What is, then, the yardstick to decide if any particular tradition is a genuine religious practice or a “secular activity associated with religion”? The Supreme Court has generated a litmus test for this purpose — is it an “essential practice integral to” the concerned religion? And, to find out the true position about it, the court has been looking into authentic texts and their interpretations acceptable unanimously to all of its followers or at least to their overwhelming majority.
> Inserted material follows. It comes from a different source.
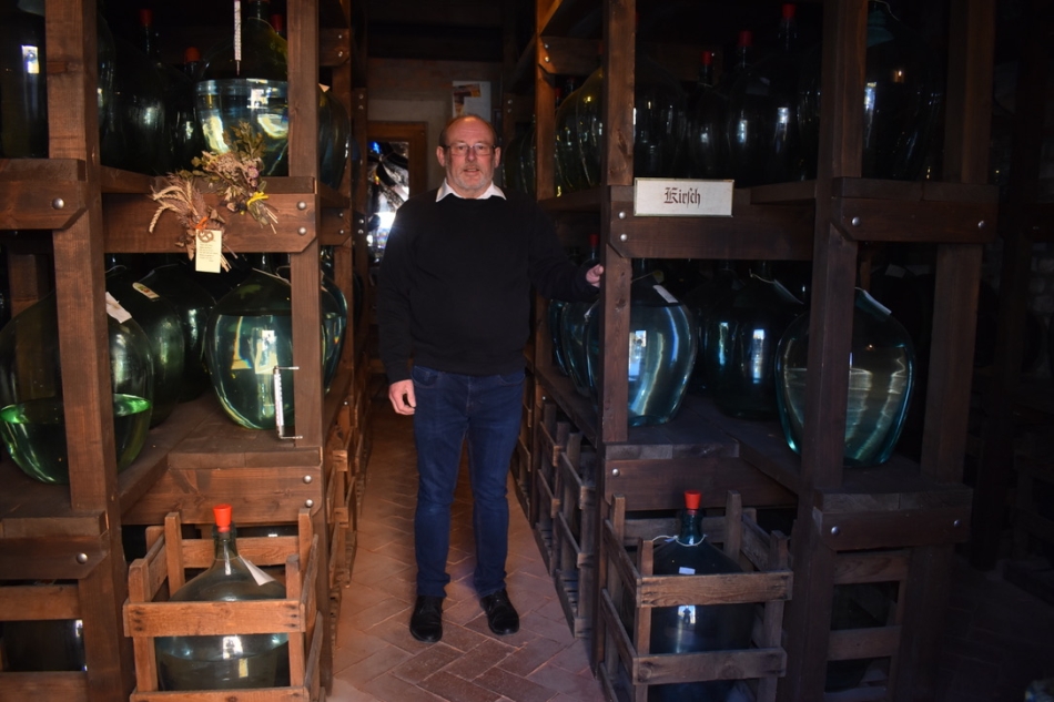 Übrig bleibt die Seele des Brandes, hoch konzentriert und mit 70% Alkohol. Danach wird Wasser zum Destillat gegeben und auf Trinkstärke zu 42% Alkohol heruntergesetzt. Dann erfolgt die Reifung und Lagerung. der fertige Edelbrand lagert in Glasballons und reift mit den Jahreszeiten in Kälte und Hitze. Man trinkt ihn in Weißweingläsern bei Zimmertemperatur damit das volle Aroma zur Geltung kommt.

As regards the Muslims, under Islamic jurisprudence religious precepts are placed in two separate compartments — ibadaat (spiritual matters) and muamlaat (temporal matters) — and in either of these, there is a further categorisation. Practices specifically enjoined by the Quran (divine book) or Hadith (Prophet’s sayings) are farz or wajib — obligatory absolutely in the first and generally in the latter case. All other actions mentioned in religious books are either mustahab (recommended) or jaez (permissible). Going by these classifications, religious practices that are farz or wajib for the Muslims will be covered in India by the religious freedom clause of the Constitution. Even what is recommended by religious texts can perhaps be claimed to fall under that protective umbrella, but not what is merely permissible — and certainly not any abominable practice that according to Muslim theologians themselves is bidat (against true religion).

The provision for religious freedom under Article 25 closes with a final clarification that “nothing in this article” shall prevent the state from making laws providing for social welfare and reform. In its deeper meaning this assertive clause — applicable to all communities — engenders a fiduciary obligation for the custodians of state authority to move in this direction as and when necessary.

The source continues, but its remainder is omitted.